И действительно, она осталась «на этом берегу» и не отошла от него ни на шаг, как коза не отходит от того колышка, к которому привязана, – ни на шаг за все четыре года.

Четыре черных года.

Она прожила их бедной маленькой проституткой второго класса – как тот вагон, который привез ее: ирония судьбы, этот вагон. Она прожила их, бедная девочка, слишком опрятная и телом, и духом, слишком воспитанная, пожалуй, слишком образованная и, конечно, со слишком глубоко укоренившейся культурой, чтобы спуститься до самых низов, – но слишком скромная, слишком буржуазная, слишком домовитая, чтобы подняться до аристократии полусвета, в золоченый герб которой, за отсутствием подлинных геральдических знаков, непременно входят собственный особняк, собственный выезд и три ряда крупного жемчуга. Селия сделалась барышней Мулен-Руж и Фоли-Бержер. Она поселилась сначала на улице Калэ, потом на улице Москвы, сначала в меблированной комнате, потом со своей собственной обстановкой, после того как доброжелательная подруга убедила ее в том, что зеркальный шкаф в рассрочку стоит не так дорого, как за наличные деньги. И, наконец, в те дни, когда у нее хватало отваги, она решалась выйти из своего района и появиться у Максима и Аббе – но без ощутимого успеха: шум и толпа пугали ее и заставляли утрачивать то тихое спокойствие, в котором заключалась ее главная прелесть.

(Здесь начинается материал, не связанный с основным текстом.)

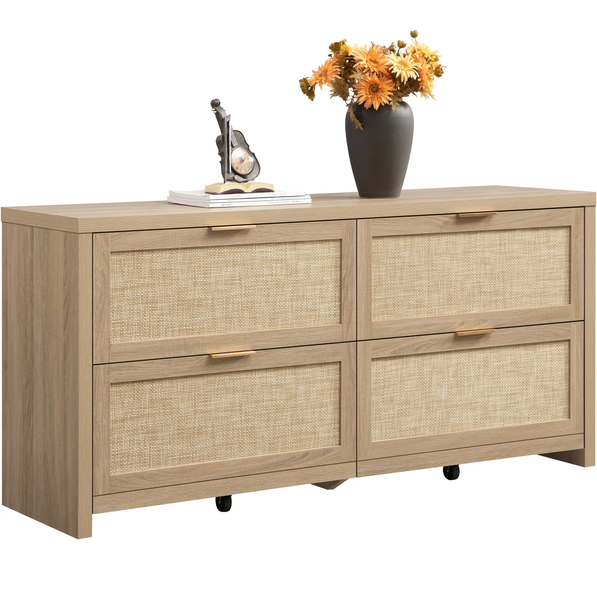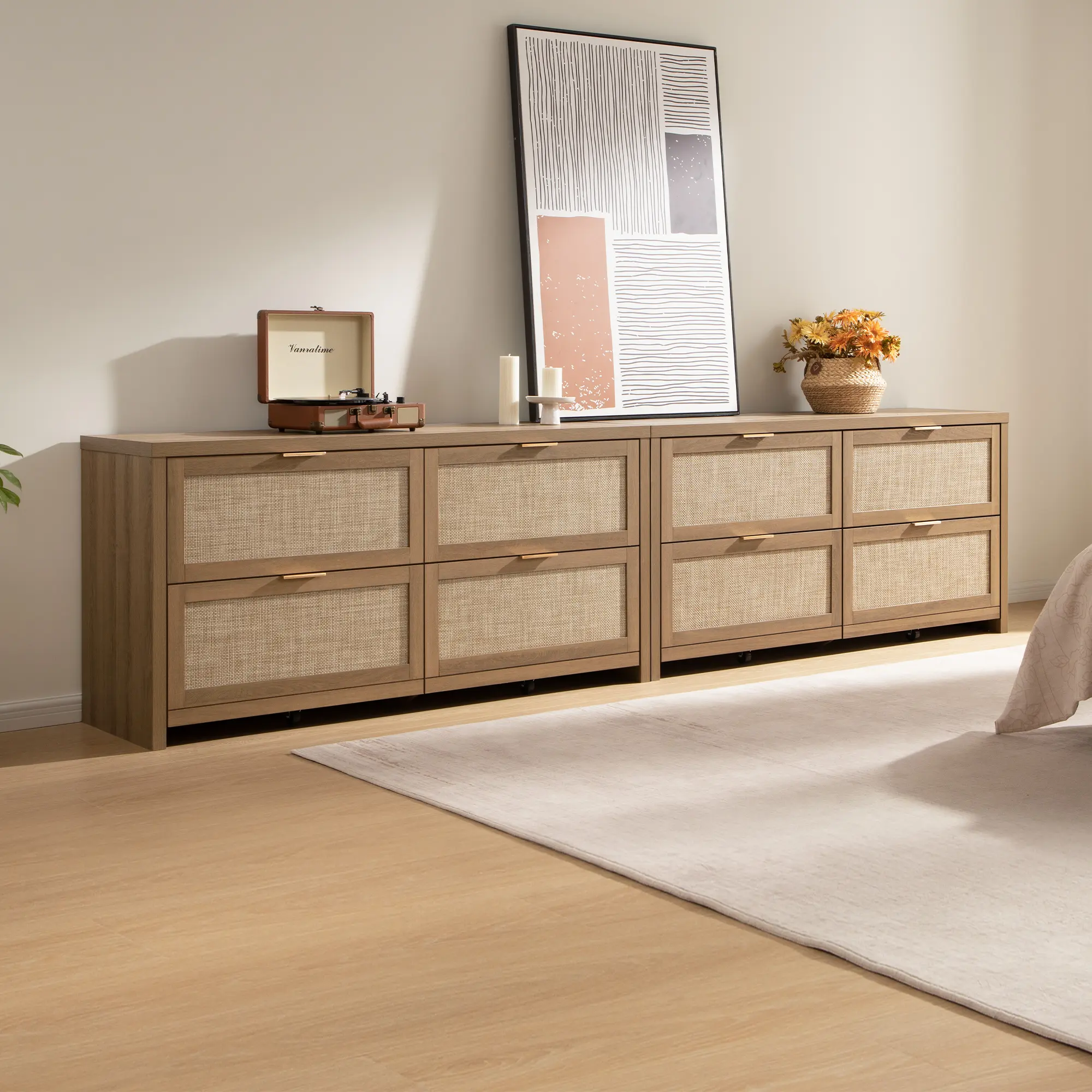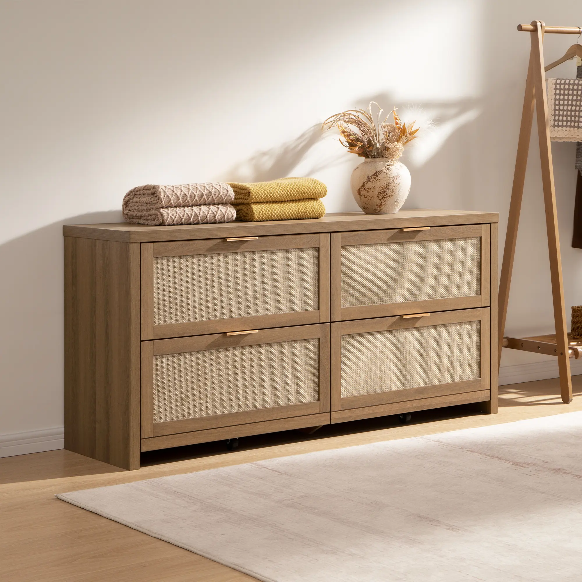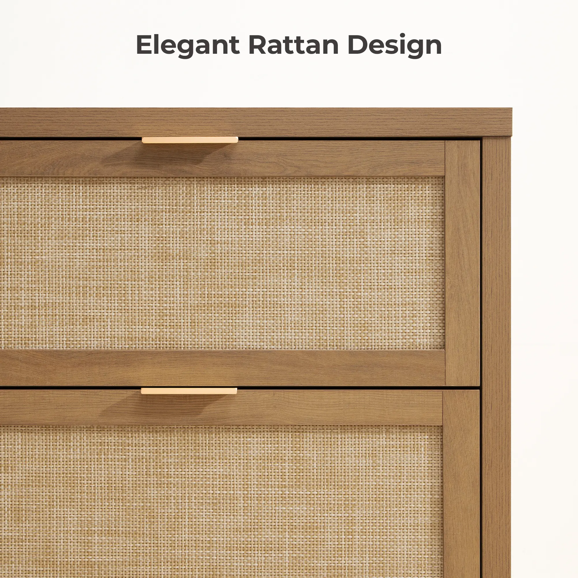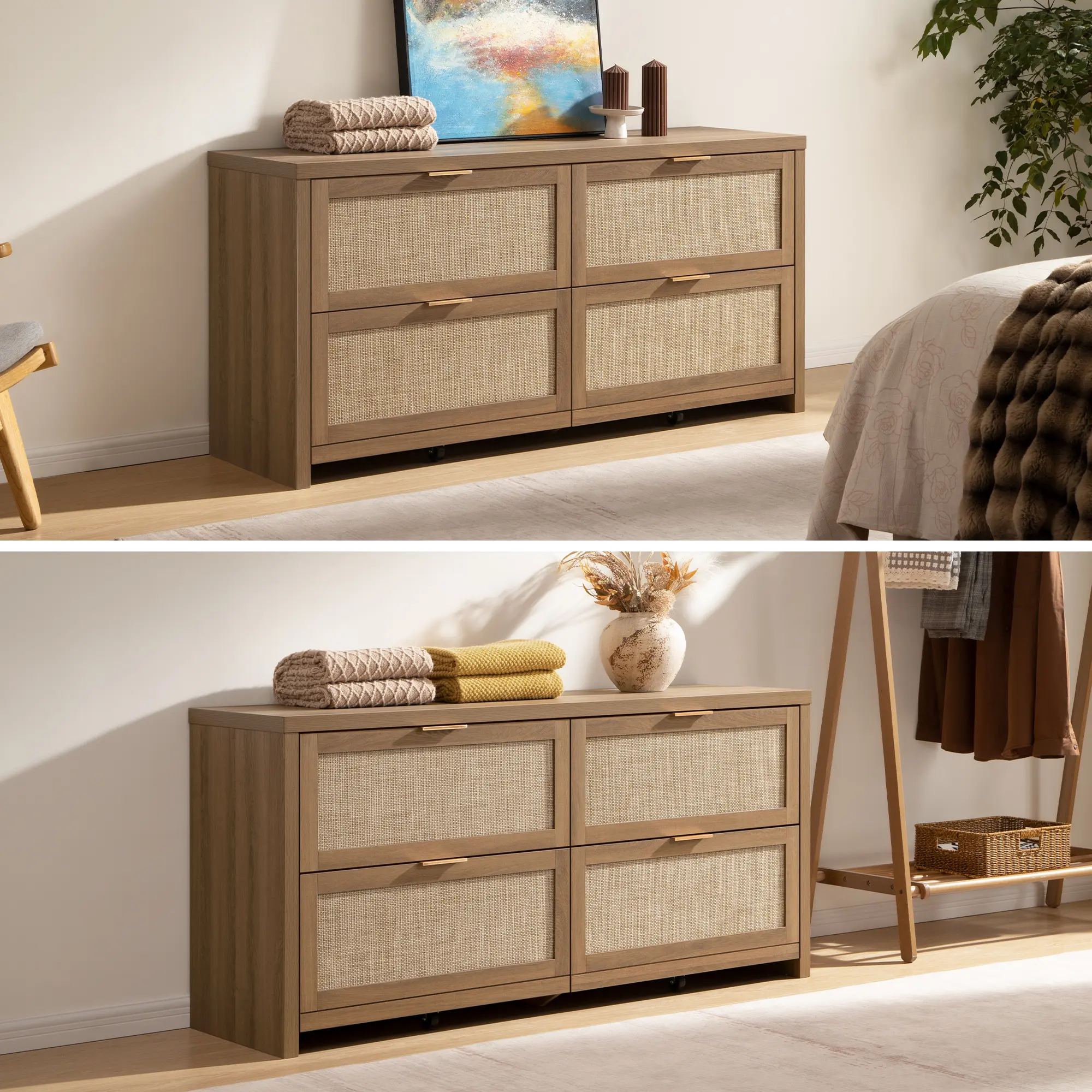 ·【Bohemian Charm with a Warm Feel】- This boho rattan dresser features rattan mesh drawers, natural wood panels, and golden handles, creating a warm, vintage Bohemian style. It will bring a cozy and inviting vibe that you'll love coming home to.
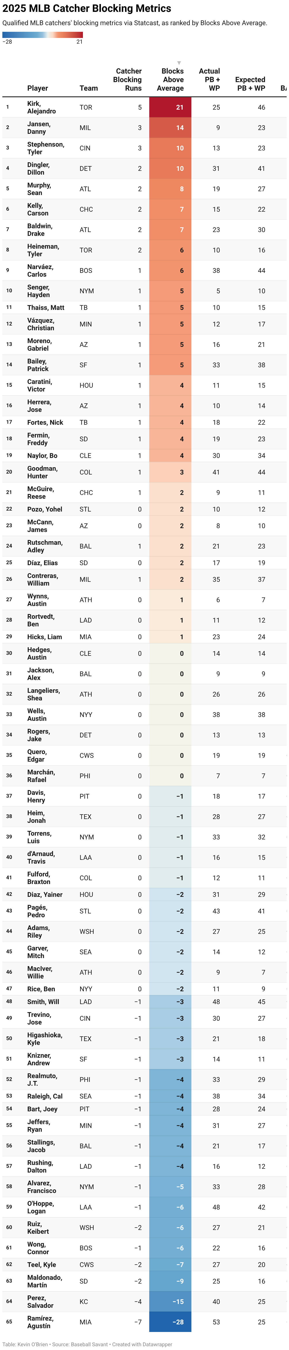 Qualified MLB catchers' blocking metrics via Statcast, as ranked by Blocks Above Average.

А впрочем, к чему волноваться, двигаться то туда, то сюда, переходить из одного бара в другой, менять одно кафе на другое? Разве мужчины всюду не одни и те же – грубые, зверские самцы, с той же наивностью и с тем же презрением и дерзостью обращающиеся с женщинами, которых они покупают, даже когда они делают вид, что хорошо к ним относятся? Разве не одинаковое осуждение окружает повсюду женщину полусвета, разве все не плюют на нее? Разве самые свободомыслящие из современных мыслителей, которые считают себя свободными от предрассудков, не хранят в глубине своих душ в совершенно неприкосновенном виде христианскую мораль, по которой позволяется и даже рекомендуется всякому человеку – как сильному, так и ученому – торговать силой своего мозга, рук и ног, но категорически запрещается тем, у кого нет ни сильных мускулов, ни серого вещества, отдавать и продавать ту единственную ценность, которой они действительно владеют, – свои поцелуи и свою нежность?

А все-таки действительно «честные» девушки – это совсем не те, которые обладают нежным сердцем и правдивой душой, и не те, которые свято блюдут свои клятвы, и не те, которые забывают о себе для других, и не те, которые воздают добром за зло, и не те, которые отдают свою жизнь для спасения других, а только те, кто, почувствовав, что они больше не могут жить в одиночестве, сами уведомляют об этом кого полагается в соответственном отделе мэрии и, когда им придет в голову блажь переменить своего жизненного спутника, немедленно ставят об этом в известность судью по бракоразводным делам.